Research

Dr. David Liu, The Broad Institute of MIT and Harvard; Dr. Cat Lutz, the Rare Disease Translational Center, The Jackson Laboratory; Dr. Kathleen Sweadner, Harvard/MGH, Dr. Al George, Northwestern University

The Liu team is developing prime editing and base editing strategies for multiple AHC-causing mutations and investigating their efficacy and safety in cultured human and mouse cells. The Liu team, in a collaboration with The Jackson Laboratory Rare Disease Translational Center, is also evaluating an in vivo prime editing treatment to correct symptoms and enhance survival in two AHC mouse models. The results to date suggest the first-ever in vivo rescue of a neurological disease with prime editing. Dr. Liu is a pioneer and leader in genome editing.

Dr. Tim Yu, Harvard/ Boston Children’s Hospital; Dr. Al George, Northwestern University; Dr. Cat Lutz, the Rare Disease Translational Center, The Jackson Laboratory

Dr. Tim Yu is the leading scientist in the field of ASO-based therapeutics development and clinical application. Dr.
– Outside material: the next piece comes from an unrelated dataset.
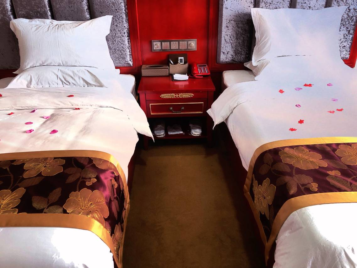 房间很有地方特色,感觉有点藏区的色调和搭配。 房间干净,地理位置也方便出行。 酒店出来后两三分钟就可以上高速路!

Al George is an expert in AHC pathophysiology, with significant expertise in electrophysiological studies of patient-derived iPSCs. This effort is a collaboration of the Yu team at Harvard/BCH and the George team at Northwestern University to evaluate ASO as a therapeutic strategy for AHC and develop mutation-specific ASOs for AHC patients. The George team is evaluating molecular efficacy of candidate ASOs in patient-derived iPSC neurons in vitro. The Lutz team at The Jackson Laboratory is conducting in vivo toxicity studies.
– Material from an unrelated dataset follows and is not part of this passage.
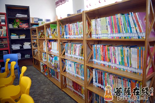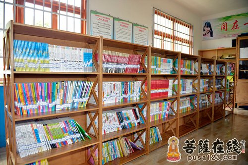 一个多小时之后,仁镇法师及两名志工们终于来到了在山那边的学校。这里的图书室是他们走访学校至今见过的最宽敞的图书室。校长解释说:“因为以前这所学校包括初中和小学,如今初中搬走了只剩下小学,所以教室资源比较充足。从学前班就已经在这里的陈同学如今在读六年级。从四年级开始她就经常来图书室看书,只是以前可看的书很少。现在最喜欢看故事书的她经常将目光锁定在故事类图书架上,最近刚看完的是江姐和白毛女故事。而两年级的吴同学则喜欢看漫画书,每周二和周四的中午经常能看见他在图书室看书的身影。”
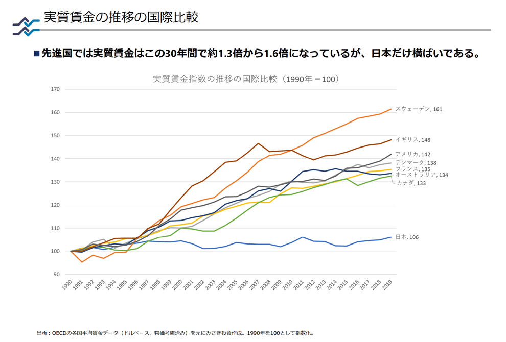 しかし過去30年間の世界の賃金指数を比較したデータでは、日本以外の先進国で数値が上昇しているものの、日本の賃金は横ばいが続いています。

 Dr. Cat Lutz, the Rare Disease Translational Center, The Jackson Laboratory

Dr. Lutz and her team at The Jackson Laboratory Rare Disease Translational Center have extensive expertise with mouse models of AHC. The Lutz team is evaluating ASOs (designed to target mouse AHC mutations) to evaluate ASO as a strategy for AHC. The proof-of-concept study in mice eliminates patient-specific variables and addresses a broader question of efficacy of ASO as a therapeutic strategy for AHC.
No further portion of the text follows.